Minggu, 30 Oktober 2011

belajar dari seorang tukang sampah


di suatu minggu pagi, ketika saya sedang membersihkan mobil, ada seorang tukang sampah dan seorang pemulung tengah melakukan aktivitasnya.
saya tidak begitu menyimak obrolan mereka, tapi ada sebuah obrolan yang cukup bermakna dan sempat terekam telinga saya.
kurang lebih obrolannya seperti ini.

pemulung: "rajin amat lo?"

tkg sampa: "iya nih. namanya juga nyari rejeki. lagian udah dibayar 200ribu per bulan ama yang punya tempat sampah ini, kalo gak diberesin ampe bersih gak enak."

pemulung: "oh gitu yah. banyak gak sih sampah disini?"

tkg sampah: "ya lumayan. lo kalo mau sering-sering aja nyamperin tempat sampah ini, banyak karton sama botol-botol biasanya."

pemulung: "iya deh, yaudah, lanjut yah."

kemudian pemulung itu berlalu, meninggalkan tukang sampah yang sedang memunguti sampah menggunakan senjata andalannya.
saya baru pertama bertemu tukang sampah di kompleks ini, dan menurut saya penampilan tukang sampah ini lumayan memenuhi standar; baju khusus seperti wearpack, sepatu boots dari plastik, masker hidung, sarung tangan, dan topi.

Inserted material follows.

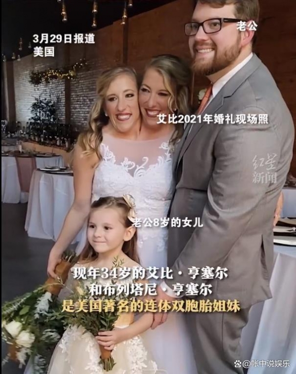 而笑的最开朗的,当属连体双胞胎姐妹中的艾比.亨塞尔了,她身穿一件纯白色的婚纱,画着精致的妆容,幸福的依偎在丈夫身边。

saya cukup terharu mendengar dia menjawab pertanyaan dari pemulung, tanpa sedikit pun nada mengeluh. dan saya cukup tertampar ketika dia bilang "udah dibayar 200ribu per bulan, gak enak kalo gak diberesin ampe bersih."
saya merasa tukang sampah ini adalah sosok yang cukup amanah dan berdedikasi pada pekerjaannya, walaupun gajinya tidak seberapa besar.
banyak dari kita yang berpenghasilan 10x lebih besar daripada tukang sampah ini yang sering mengeluh karena pekerjaan kantornya. coba deh ingat-ingat lagi, apakah pernah kita berucap syukur atau bekerja penuh dedikasi dan amanah? seperti misalnya berucap "iya yah, gue udah digaji 5juta ama perusahaan buat ngerjain ini, gue gak boleh seenak jidat ngerjainnya."
saya sendiri bahkan jauh dari kata itu. saya sering, sangat sering mengeluh tentang pekerjaan saya. sampai akhirnya saya tersadarkan dengan obrolan tukang sampah dan pemulung barusan. dia cuma seorang tukang sampah, yang pekerjaannya berdekatan dengan sesuatu yang menjijikkan, dan gaji hanya 200ribu perbulan dengan konsekuensi membersihkan tempat sampah setiap hari, tapi mampu menunjukkan dedikasinya terhadap pekerjaan.
sedangkan kita yang menerima gaji lebih besar, dengan pekerjaan yang tidak menjijikan, mustinya harus bisa lebih amanah daripada tukang sampah tersebut. segala sesuatu yang dilakukan sepenuh hati pasti akan berbuah manis, dan Tuhan pasti akan lebih mencurahkan rezeki bagi umatNya yang senantiasa bersyukur dan berdedikasi terhadap apa yang dia kerjakan. sekedar mengingatkan, bukankah bekerja juga ibadah? apakah ibadah kita akan selalu dipenuhi dengan keluhan dan tanpa rasa bersyukur?

mungkin Tuhan mengingatkan saya untuk mensyukuri apa yang saya dapat. dan ini merupakan pembelajaran yang cukup berarti bagi saya yang hobinya mengeluh dan mengeluh. kadang, Tuhan memberikan pelajaran bukan hanya ketika kita berada di bangku sekolah. tapi pada keseharian kita. karena hidup sendiri adalah proses belajar yang tidak berkesudahan. semoga kita selalu menjadi orang yang selalu bersyukur.